Exercise objective: Within the entries below, please return exactly the lines from the one with "Figura N°3. Plano" through the one with "Определяне на НДЕ", leaving out any pictures.

Extracted data entries:
————————

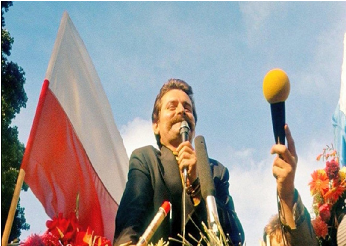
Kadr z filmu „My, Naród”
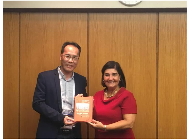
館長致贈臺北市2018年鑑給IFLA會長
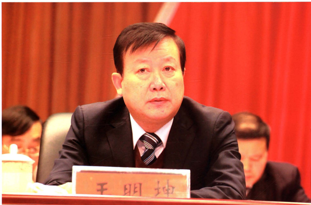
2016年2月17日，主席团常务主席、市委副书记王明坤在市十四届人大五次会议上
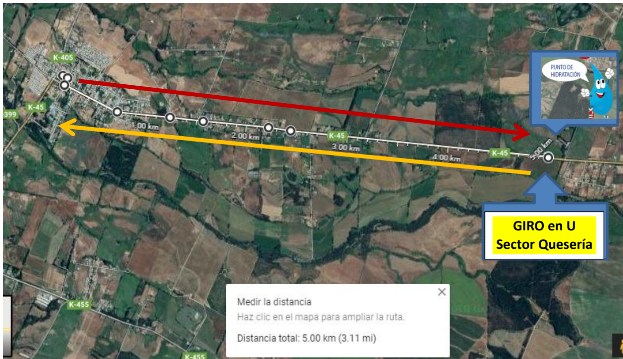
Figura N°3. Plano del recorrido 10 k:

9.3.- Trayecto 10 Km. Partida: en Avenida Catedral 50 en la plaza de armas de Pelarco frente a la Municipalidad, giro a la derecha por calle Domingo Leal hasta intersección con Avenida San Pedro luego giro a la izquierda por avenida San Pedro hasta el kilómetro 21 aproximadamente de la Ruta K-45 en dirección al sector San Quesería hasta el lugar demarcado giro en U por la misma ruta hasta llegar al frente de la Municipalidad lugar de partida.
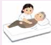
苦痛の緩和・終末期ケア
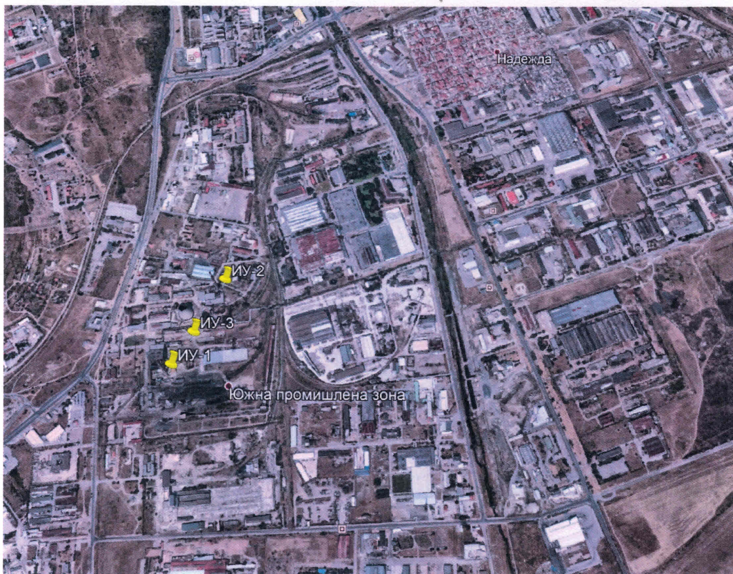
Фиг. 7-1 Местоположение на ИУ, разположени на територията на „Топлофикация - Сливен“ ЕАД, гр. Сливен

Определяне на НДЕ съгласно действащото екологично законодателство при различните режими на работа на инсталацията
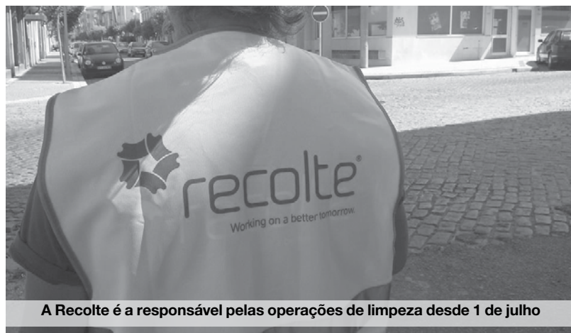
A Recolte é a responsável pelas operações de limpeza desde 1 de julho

————————

Final answer:
Figura N°3. Plano del recorrido 10 k:

9.3.- Trayecto 10 Km. Partida: en Avenida Catedral 50 en la plaza de armas de Pelarco frente a la Municipalidad, giro a la derecha por calle Domingo Leal hasta intersección con Avenida San Pedro luego giro a la izquierda por avenida San Pedro hasta el kilómetro 21 aproximadamente de la Ruta K-45 en dirección al sector San Quesería hasta el lugar demarcado giro en U por la misma ruta hasta llegar al frente de la Municipalidad lugar de partida.
苦痛の緩和・終末期ケア
Фиг. 7-1 Местоположение на ИУ, разположени на територията на „Топлофикация - Сливен“ ЕАД, гр. Сливен

Определяне на НДЕ съгласно действащото екологично законодателство при различните режими на работа на инсталацията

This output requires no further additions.